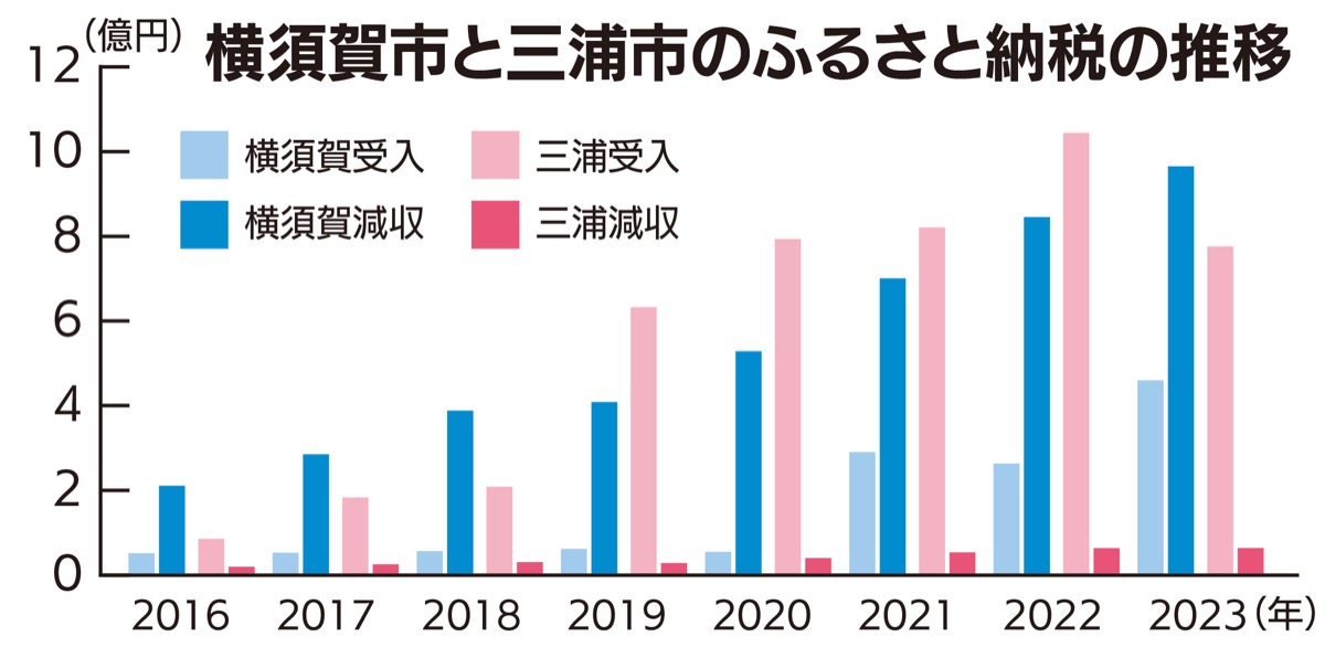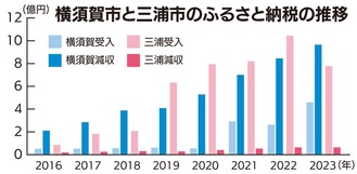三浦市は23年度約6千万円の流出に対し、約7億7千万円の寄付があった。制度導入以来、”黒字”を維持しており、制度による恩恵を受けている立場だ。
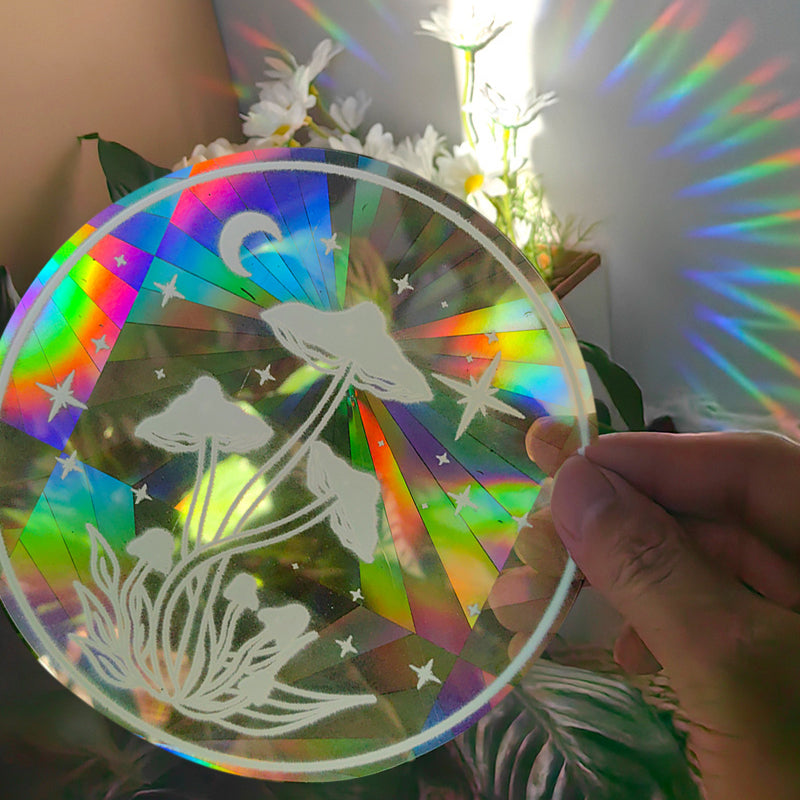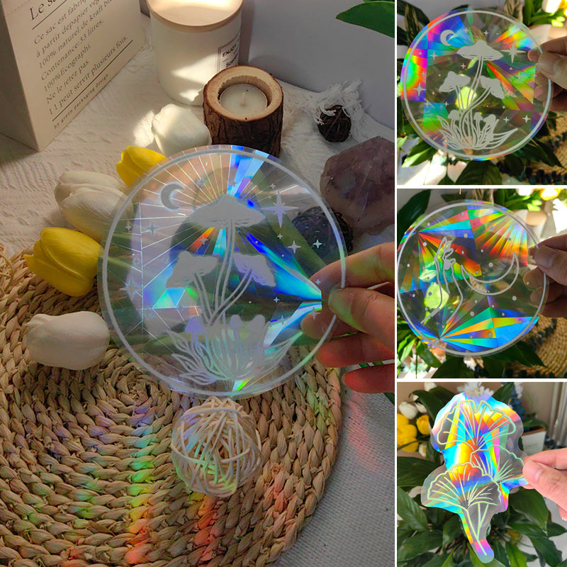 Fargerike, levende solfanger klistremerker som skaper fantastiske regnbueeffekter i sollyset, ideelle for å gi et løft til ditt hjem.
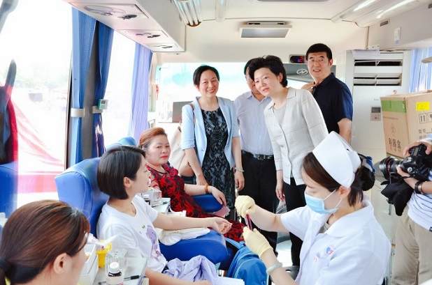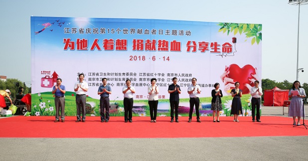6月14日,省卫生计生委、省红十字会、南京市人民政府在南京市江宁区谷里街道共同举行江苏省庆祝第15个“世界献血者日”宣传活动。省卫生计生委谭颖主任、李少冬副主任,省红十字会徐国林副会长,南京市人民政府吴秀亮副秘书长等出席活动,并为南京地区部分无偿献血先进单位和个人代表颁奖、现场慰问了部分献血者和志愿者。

________

PROBLEM TO WORK ON
Copy every line of the listing above exactly. Leave each picture out.

SOLUTION TO THE PROBLEM
三浦市は23年度約6千万円の流出に対し、約7億7千万円の寄付があった。制度導入以来、”黒字”を維持しており、制度による恩恵を受けている立場だ。
 Fargerike, levende solfanger klistremerker som skaper fantastiske regnbueeffekter i sollyset, ideelle for å gi et løft til ditt hjem.
6月14日,省卫生计生委、省红十字会、南京市人民政府在南京市江宁区谷里街道共同举行江苏省庆祝第15个“世界献血者日”宣传活动。省卫生计生委谭颖主任、李少冬副主任,省红十字会徐国林副会长,南京市人民政府吴秀亮副秘书长等出席活动,并为南京地区部分无偿献血先进单位和个人代表颁奖、现场慰问了部分献血者和志愿者。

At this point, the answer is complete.